Project description:This study aimed to characterize circular RNA (circRNA) expression profiles and biological functions in head and neck squamous cell carcinoma (HNSCC). Differentially expressed circRNAs were screened using an Arraystar Human CircRNA Array and verified by reverse transcription-quantitative polymerase chain reaction. Multiple bioinformatics methods and a hypergeometric test were employed to predict the interactions between RNAs and the functional circRNA‑microRNA (miRNA)-mRNA axes in HNSCC. As a result, 287 circRNAs and 1,053 mRNAs were determined to be differentially expressed in HNSCC compared with the adjacent tissue.

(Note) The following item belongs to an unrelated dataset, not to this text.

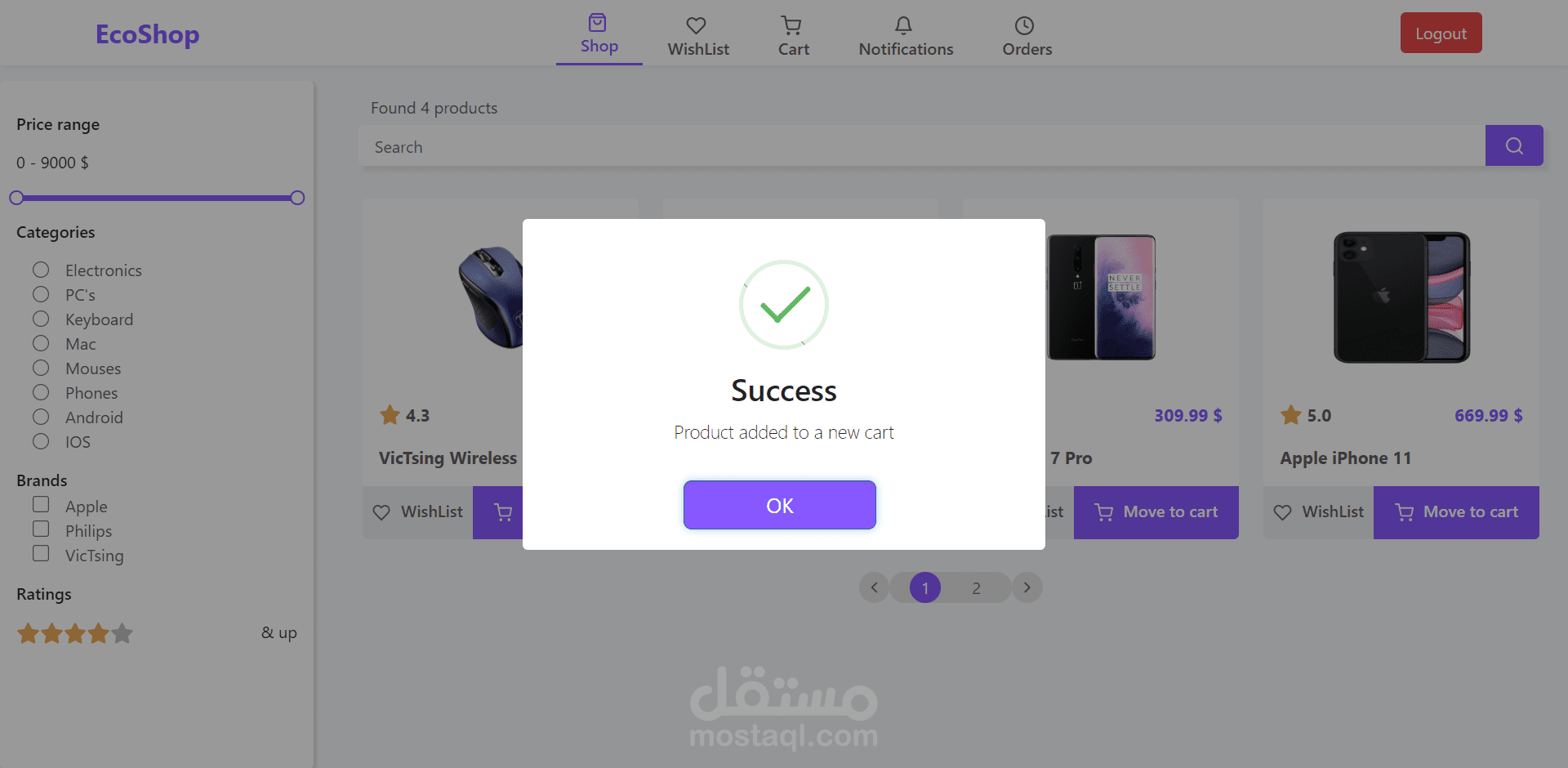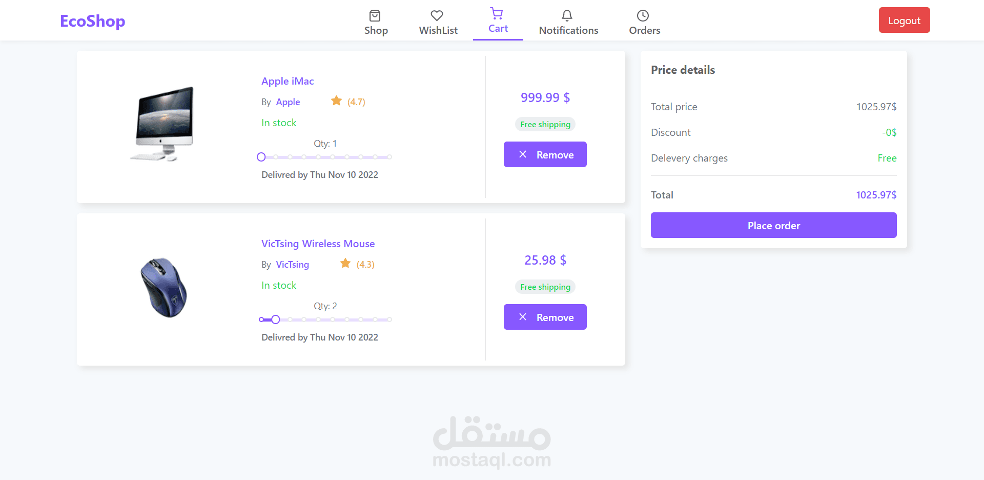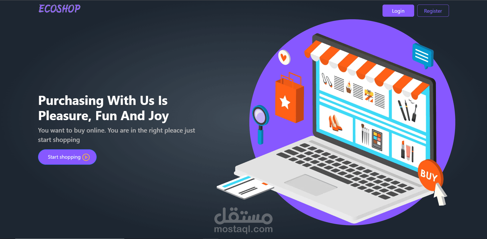 متجر الكتروني يحتوي على معرض للسلع و سلة للشراء مع امكانية الدفع الالكتروني

In addition, the expression levels of circRNA_036186 and tyrosine 3-monooxygenase/tryptophan 5-monooxygenase activation protein, ζ polypeptide (14‑3‑3ζ) were identified to be significantly different. A competing endogenous RNA (ceRNA) network was constructed, consisting of 5 circRNAs, 385 miRNAs and 96 mRNAs. Furthermore, we predicted that miR‑193b‑3p exerts a significant effect on 14‑3‑3ζ, and was significantly associated with the Hippo signaling pathway in HNSCC. On the whole, these findings suggest that circRNA_036186 likely regulates 14‑3‑3ζ expression by functioning as a ceRNA in the development and progression of HNSCC.